One should be able to record their breathing differences in normal conditions and during an apparent attack. That would help to recognize the danger signs for an impending attack. You can either take the help of a doctor to measure the peak flow of air, or you can measure it at home, or even through a smartwatch.

5. Identification

Identifying triggers is extremely important as you can take measures to restrict yourself from such allergens and irritants. Whether it’s a food item, specific drink, or some cloth materials, it’s better to be aware and keep your distance rather than to spark an asthma attack.

6. Medication

Do not make any changes in medication without consulting the doctor. It is always a nice idea to take your medication to the doctor so he can make sure you are using the right medication and exact dose (this is only if you’ve chosen the medicines yourself).
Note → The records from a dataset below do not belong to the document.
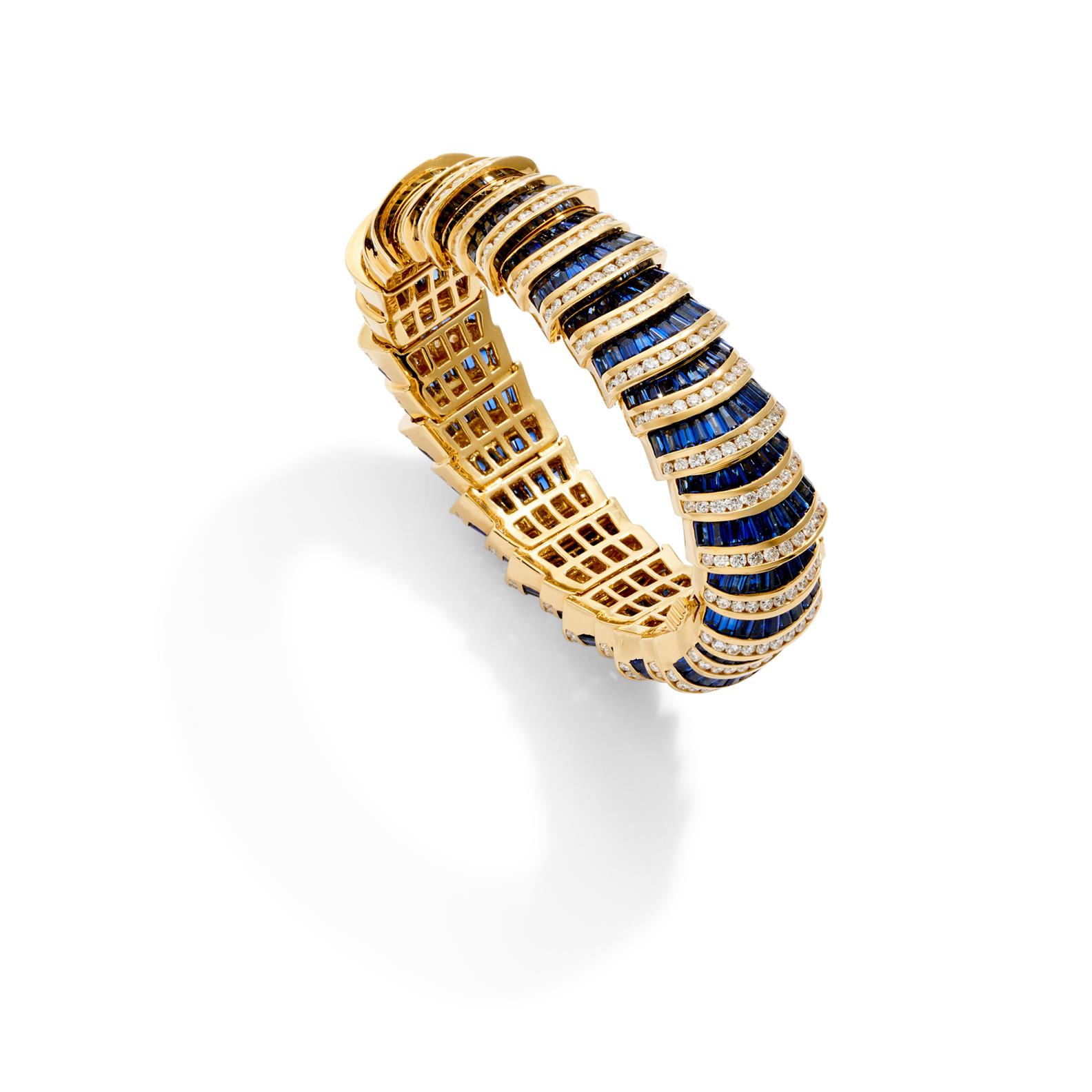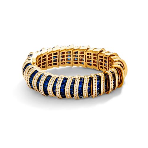 Composed of an articulated line of fan shaped links channel set with a line of brillaint-cut diamonds between custom cut sapphires, the sapphires and diamonds together weighing approximately 53.74 carats and 10.00 carats respectively, mounted in 18ct gold, inner circumference 179mm, gross weight 140.00 grams, signed Krypell.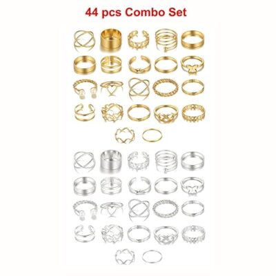 The 44 Pcs Combo Set of Gold and Silver Plated Rings offers a variety of stylish designs for women and girls. Perfect for mixing and matching, it adds versatility to any jewelry collection.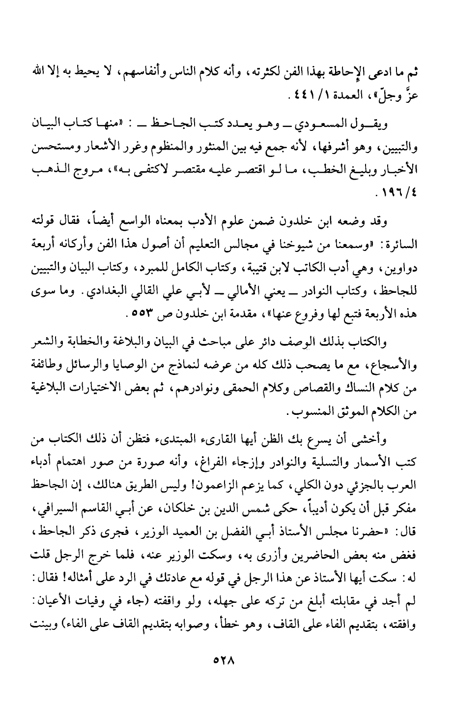 العرب بالجزئي دون الكلي، كما يزعم الزاعمون! وليس الطريق هنالك، إن الجاحظ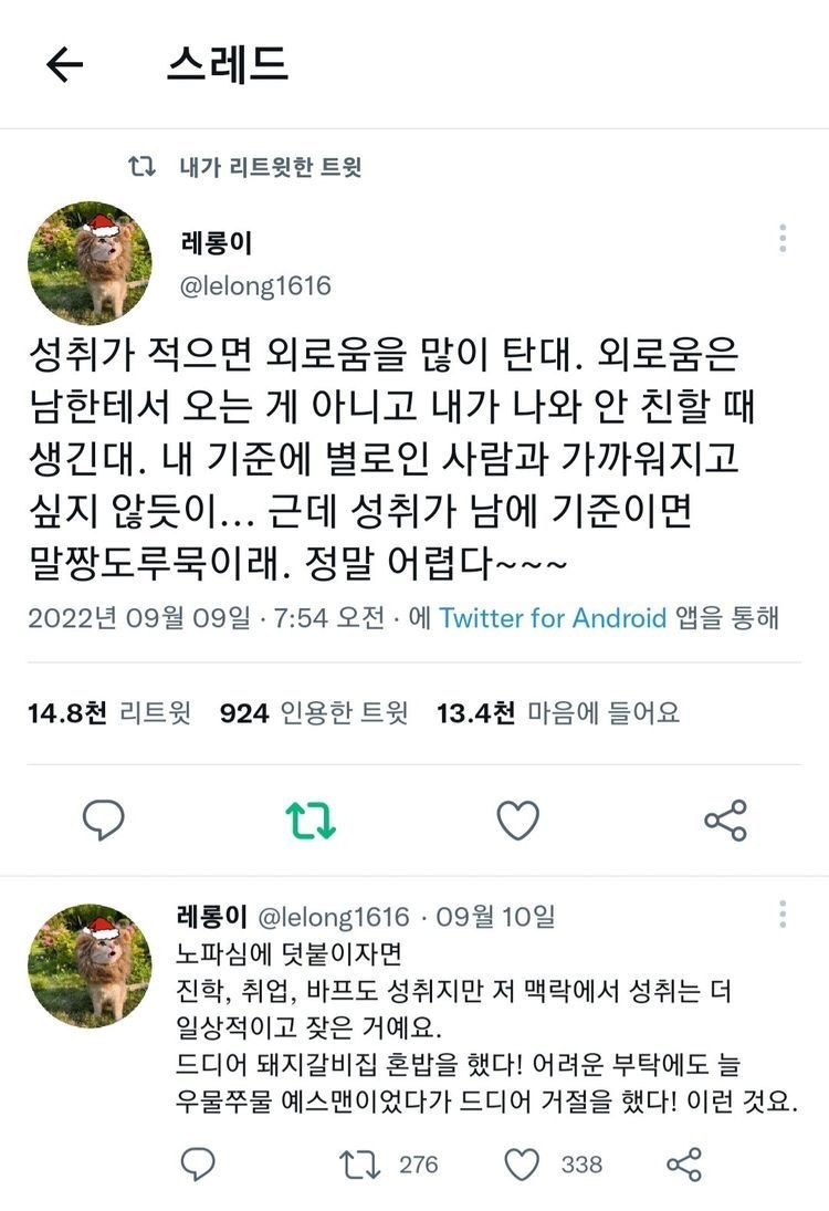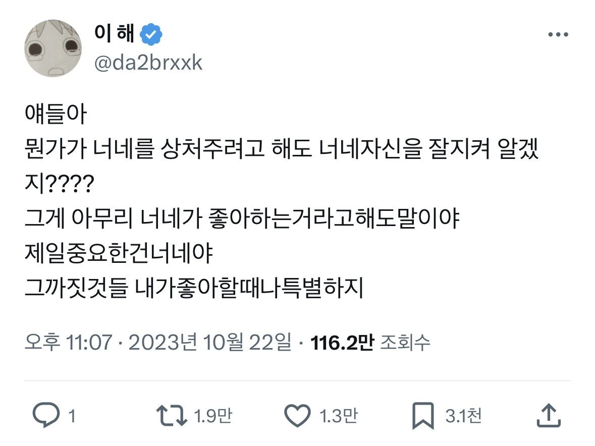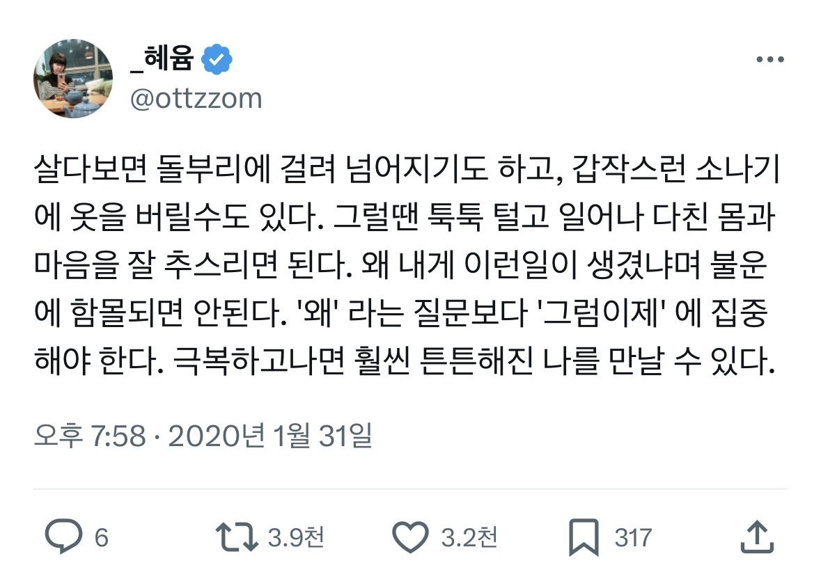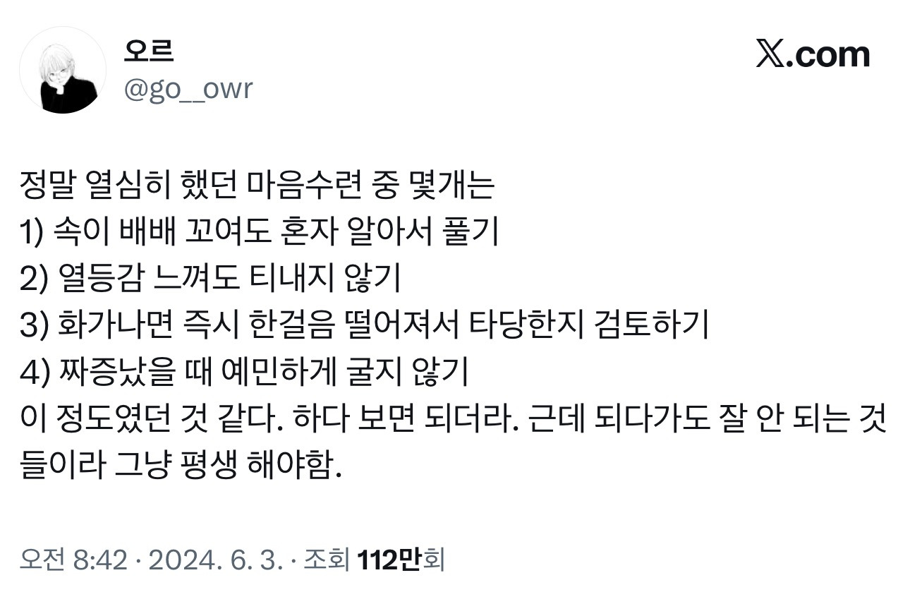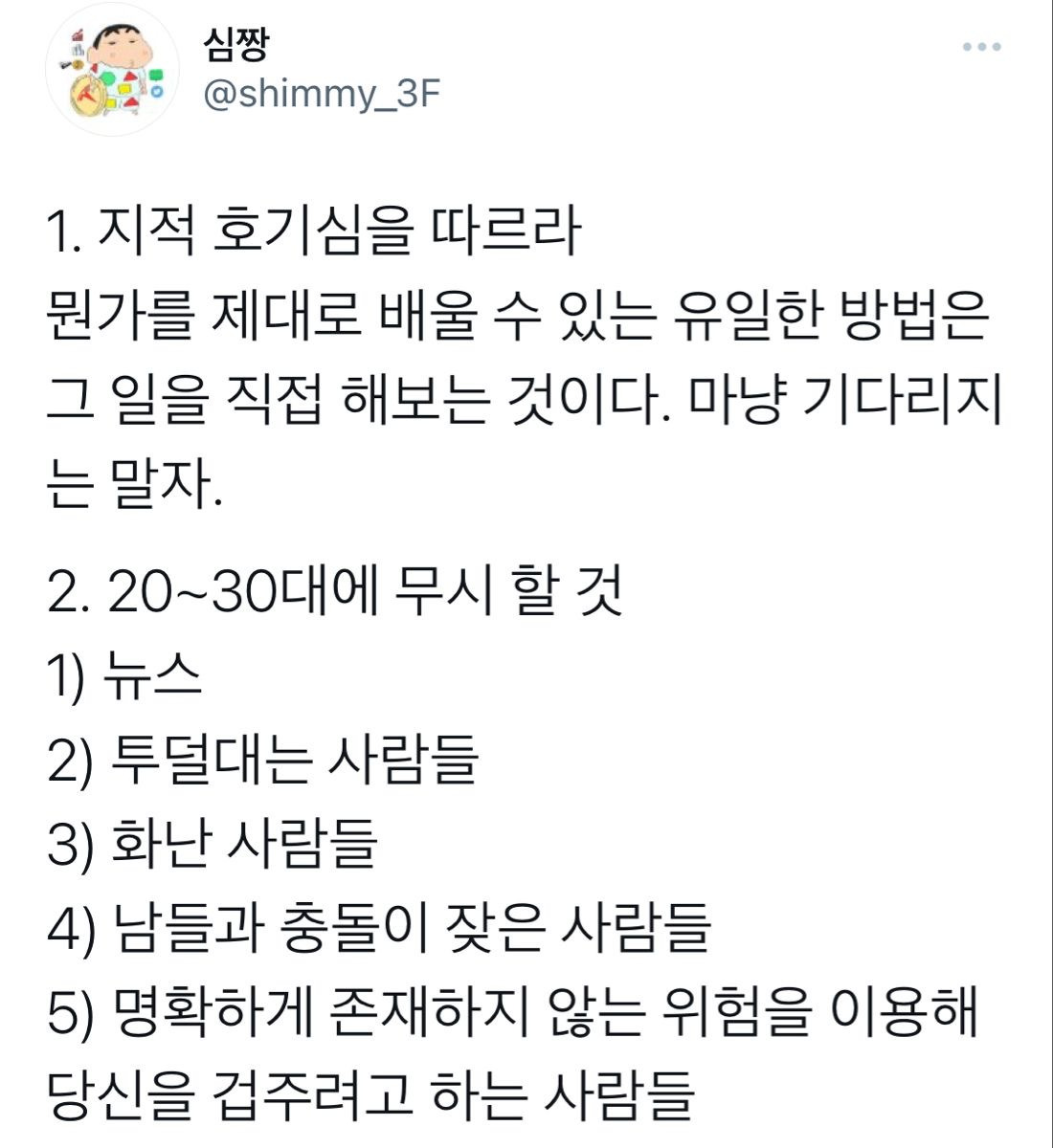 [짤털]인생 꿀팁 다 풀었음 작성자안녕허손요|작성시간26.03.02|조회수133,783 목록 댓글 647 글자크기 작게가 글자크기 크게가 출처 : 여성시대 안녕허손요 다음검색 현재 게시글 추가 기능 열기 북마크 공유하기 신고 센터로 신고 댓글 댓글 647 댓글쓰기 답글쓰기 댓글 리스트 작성자건들지마라ㄹ | 작성시간 26.03.15 굿 작성자훌라훌라훌라프 | 작성시간 26.03.15 필요했어 고마워 작성자슬로운 | 작성시간 26.03.18 바이블이다ㅜ 작성자따봉여시들 | 작성시간 26.03.19 북마크해놓고 또 보러왔어.. 너무 좋아 ㅠ 내 길잡이야... 힘들때 넘나 힘이돼 작성자Noel Gallagher | 작성시간 26.03.23 지금 내 상황에 와닿는 문장들이 너무 많다 고마워 위로해주는 멋진 사람들이 참 많네 댓글 전체보기

Long-term medication such as anti-inflammatory drugs or allergy medication can help in inhaling air comfortably.

7. Inhaler

In most cases, a doctor suggests an inhaler as the primary means of medication. Be particular about how to use an inhaler and follow the instructions to use it. And always carry it in your backpack. Consider it a top priority amongst your bag pack items.


As mentioned previously, asthma symptoms vary from individual to individual. Unless the signs are obvious, you must consult a doctor and get a quick diagnosis done.